Why the Recovery in Chip Stocks

AI semiconductor stocks fell sharply on Friday because they sit at the long end of the equity duration spectrum. When Treasury yields rise, the present value of future earnings falls most steeply for companies with distant profit horizons, including the AI infrastructure names.

The Monday-to-Tuesday rebound reflects two factors. First, investors with short-term horizons bought the dip in a sector that has gained more than 60% over the past year. Second, the May jobs data, while strong, included no acceleration in wage growth. Year-on-year wages grew 3.4%, unchanged from April, reducing the inflation-via-wages channel that concerns the Federal Reserve most.

For equity investors, the chip stock move is a leading indicator of how markets are reading the rate path. A sustained recovery in Nvidia, AMD, and peers signals that Friday's repricing may have already run its course.

What the CPI Print Needs to Show

The US Bureau of Labor Statistics releases May CPI data on Wednesday, June 10, at 8:30 am Eastern time.

Key figures the market will focus on:

  • Headline CPI: consensus forecast 3.4% year-on-year, down from 3.7% in April
  • Core CPI (ex food and energy): the primary signal for the Federal Reserve; consensus 3.1%
  • Month-on-month change: April posted +0.4%, driven largely by energy

If the headline print comes in above 3.6%, Treasury yields will likely climb again, and the AI chip recovery will face an immediate test. A reading at or below 3.4% would give investors room to maintain the positions they rebuilt on Monday and Tuesday.

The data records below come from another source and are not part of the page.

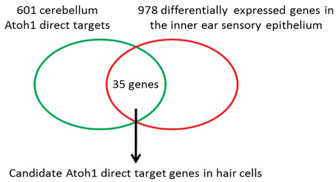 Figure 1. Potential Atoh1 direct target genes in hair cells. Schematic shows that by cross-referencing the 601 cerebellum Atoh1 direct target genes previously identified by Klisch et al. (2011) and 978 differentially expressed genes in the inner ear sensory epithelium identified by Scheffer et al. (2015), 35 genes were selected as candidates Atoh1 direct targets in hair cells. |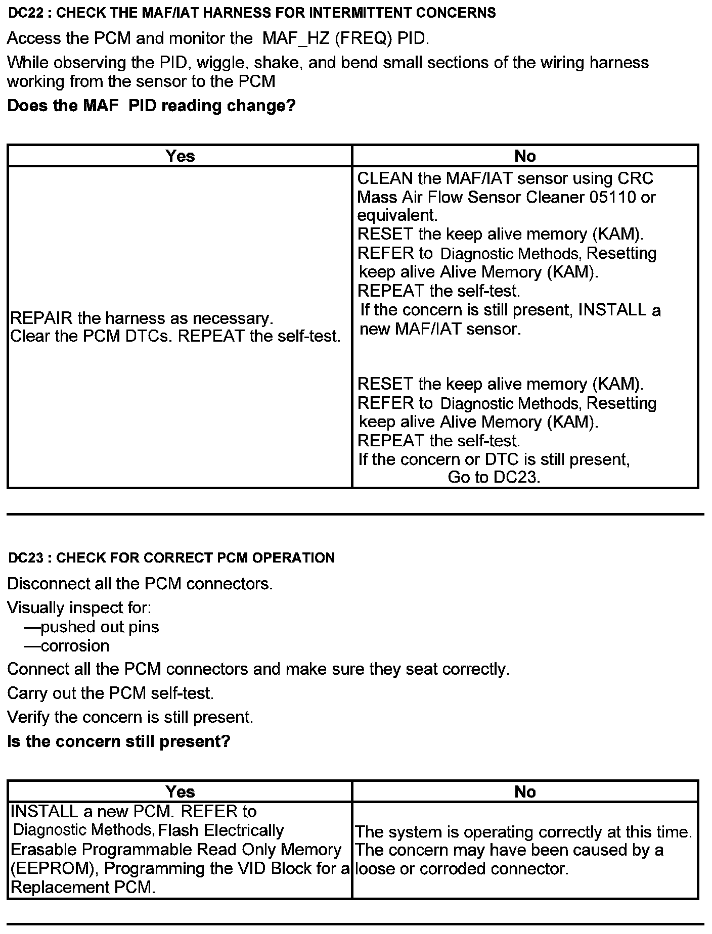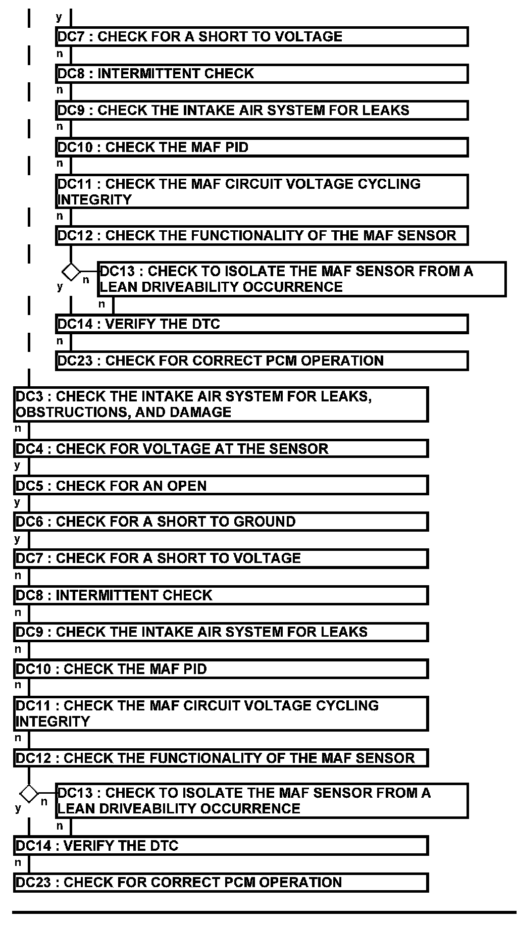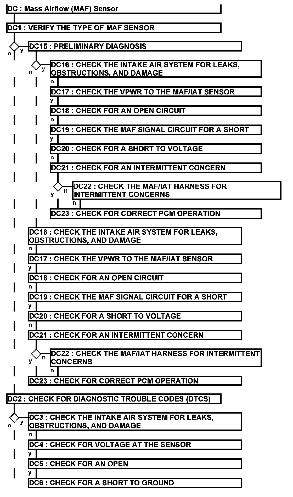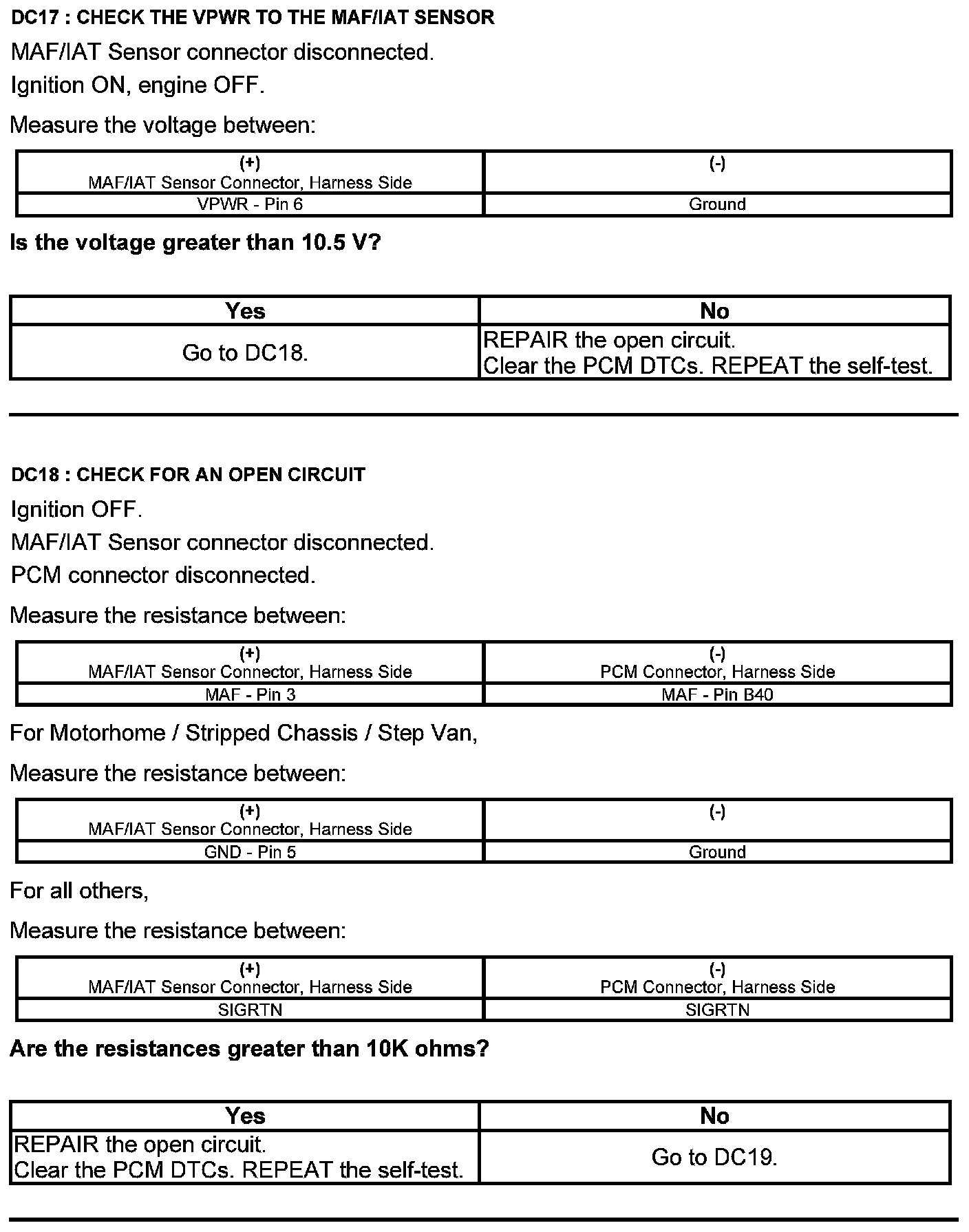 Home >> Ford >> 2012 >> Edge AWD V6-3.7L >> Repair and Diagnosis >> Powertrain Management >> Computers and Control Systems >> Testing and Inspection >> Pinpoint Tests >> Test DC: Mass Airflow (MAF) Sensor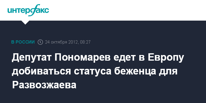 Москва. 24 октября. INTERFAX.RU - В ООН и Комиссару по правам человека Совета Европы будет подано заявление с просьбой присвоить Леониду Развозжаеву статус политического беженца, сообщил в своем блоге депутат Госдумы Илья Пономарев. "Послезавтра я лечу в Европу, где буду встречаться с представителями ООН и Совета Европы по данной проблеме. Я уже договорился с Борисом Немцовым, членом Координационного совета, о совместном заявлении в ООН и Комиссару по правам человека Совета Европы с просьбой присвоить Леониду Развозжаеву статус политического беженца, поскольку заявление было оформлено, а также взять на контроль нарушение статуса беженца и международного законодательства Россией и Украиной", - написал парламентарий в своем блоге в ночь на среду.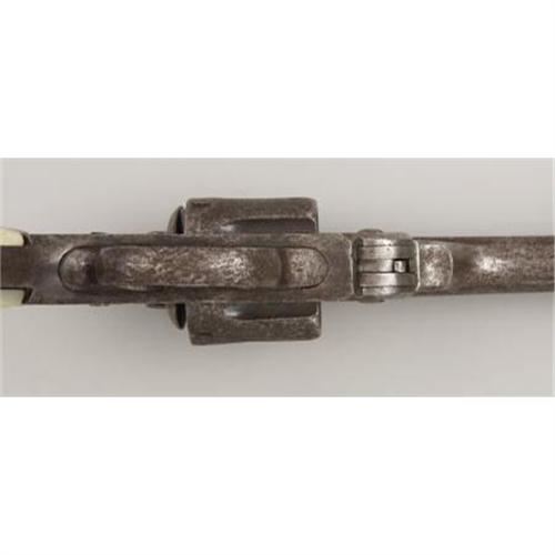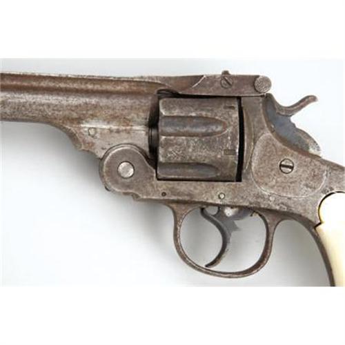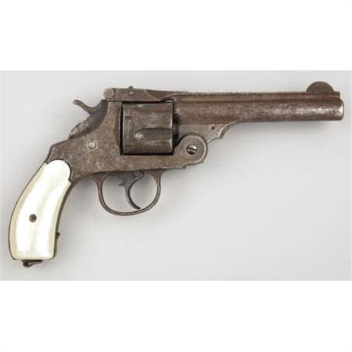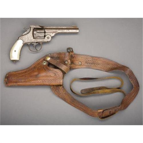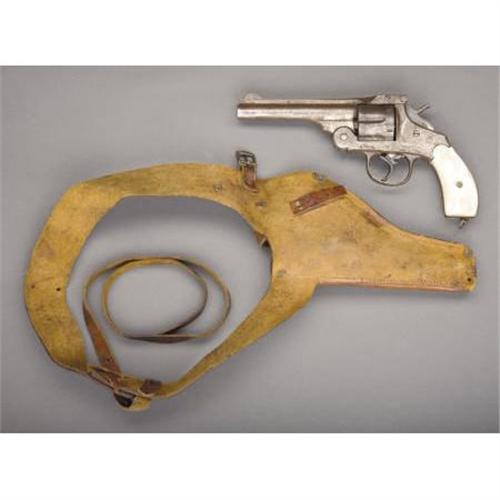 <B>FOREIGN COPY OF A SMITH AND WESSON DOUBLE ACTION REVOLVER</B></I> - Serial number 748, circa 1880-90s. 5" barrel in. .44 caliber. Top of ribbed barrel roll address reads: "SMITH AND WESSON CARTRIDGES AND THOSE THAT FIT BEST THE 'EUSKARO' REVOLVER". No other markings evident on exterior of revolver. Functioning action. One pearl and one painted hard rubber grip. Lanyard loop on butt. Accompanied by tooled shoulder holster rig. <BR><BR><B>Condition:</B></I> Grey to brown patina overall with scattered pitting and handling dents on metal surfaces. One side has a hard rubber grip, has been filed or sanded it smooth and painted it with a pearl colored paint to simulate the other pearl grip. The leather shoulder holster with this revolver is tooled with good wear and color. It is a nice holster that will date in the early 1900s.<BR><BR><b>Shipping:</b> Miscellaneous Collectibles, Larg (<a target="_blank" href="http://www.heritageauctions.com/common/shipping.php">view shipping information</a>)
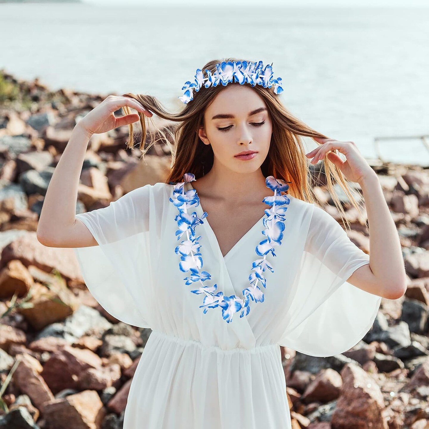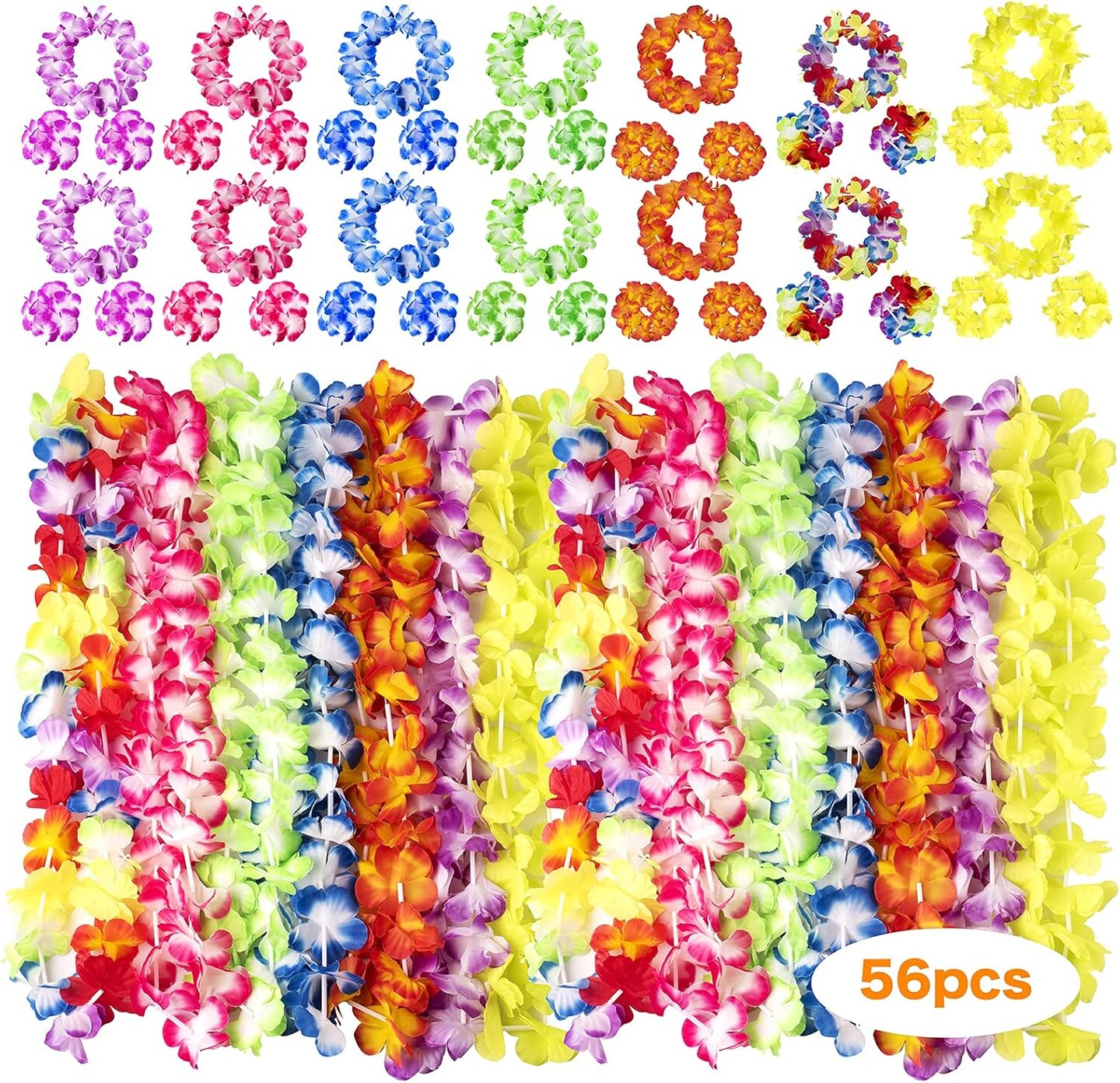56 Counts Hawaiian Leis, Luau Party Supplies of Elastic Flowers Necklaces, Headbands and Wristbands - Tropical Hawaiian Decorations, Beach Party Decorations, Birthday Party Favors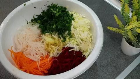 - Редька Дайкон: 200 грамм, нарезанная аналогично моркови.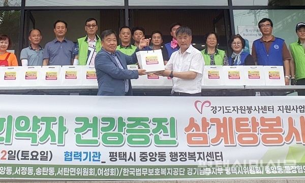 평택어울림합창단은 중복을 맞아 중앙동 취약계층과 독거노인의 여름철 건강증진을 위한 삼계탕 나눔 봉사를 7월 22일 중앙동 행정복지센터에서 진행했다.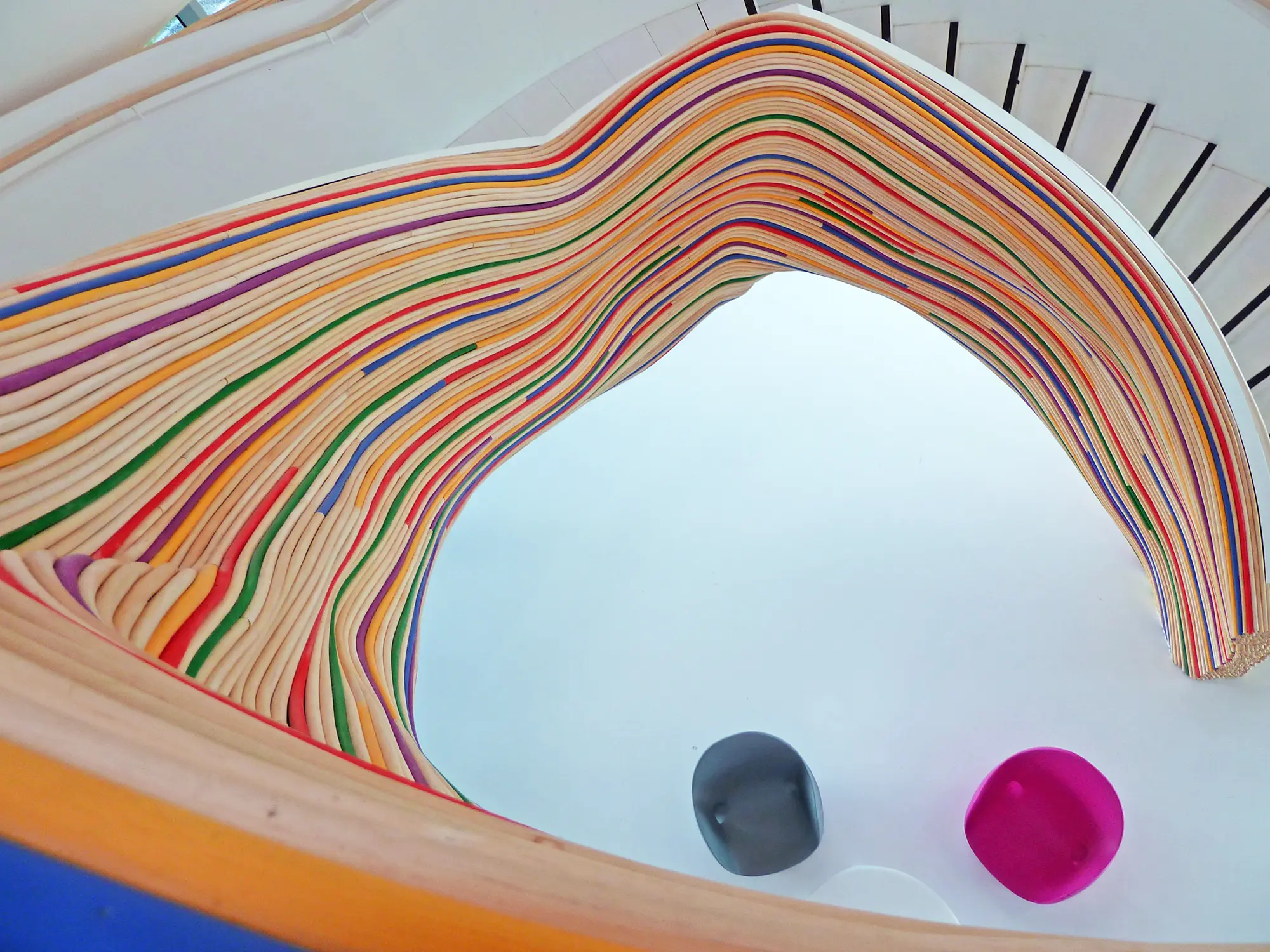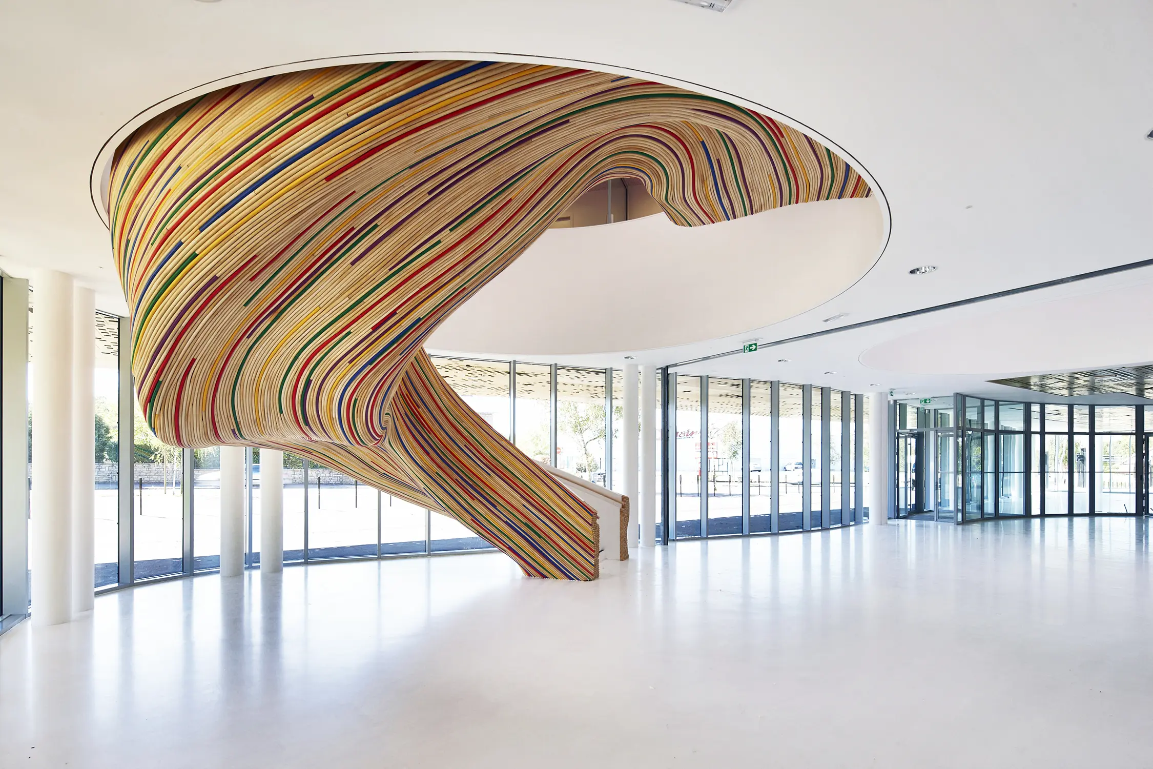 Habiller un escalier avec de la fibre naturelle afin qu’il “limaçonne” dans l’espace de l’École des Arts.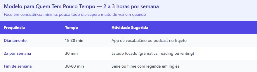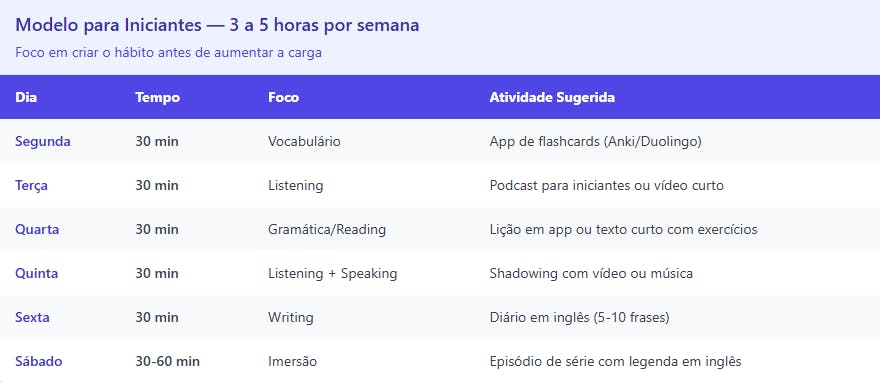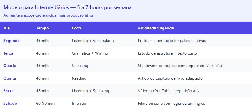 Distribua as habilidades ao longo da semana. Exemplo: segunda e quarta foco em listening, terça e quinta em reading e writing, sexta em speaking. Isso garante que nenhum pilar fique abandonado.

The energy component is the key variable. Brent crude has fallen from $107 to around $97 since April, following the Iran-US talks. If that drop filters through to May petrol prices, the headline number could ease more than the consensus expects.

ECB Decision Follows on Thursday

Twenty-four hours after the CPI release, the European Central Bank Governing Council meets on Thursday, June 11. Markets are pricing a 99% probability of a 25-basis-point rate increase, which would take the deposit facility rate to 2.25%.

For investors with European equity or fixed-income exposure, the sequencing matters. A below-expectations CPI print on Wednesday, followed by a widely expected ECB hike on Thursday, would give markets a relatively contained policy week. A CPI surprise in either direction before the ECB decision would complicate the signal.

Investors tracking diversified portfolios across both US and European assets face a week in which two of the world's most-watched policy decisions arrive within 24 hours.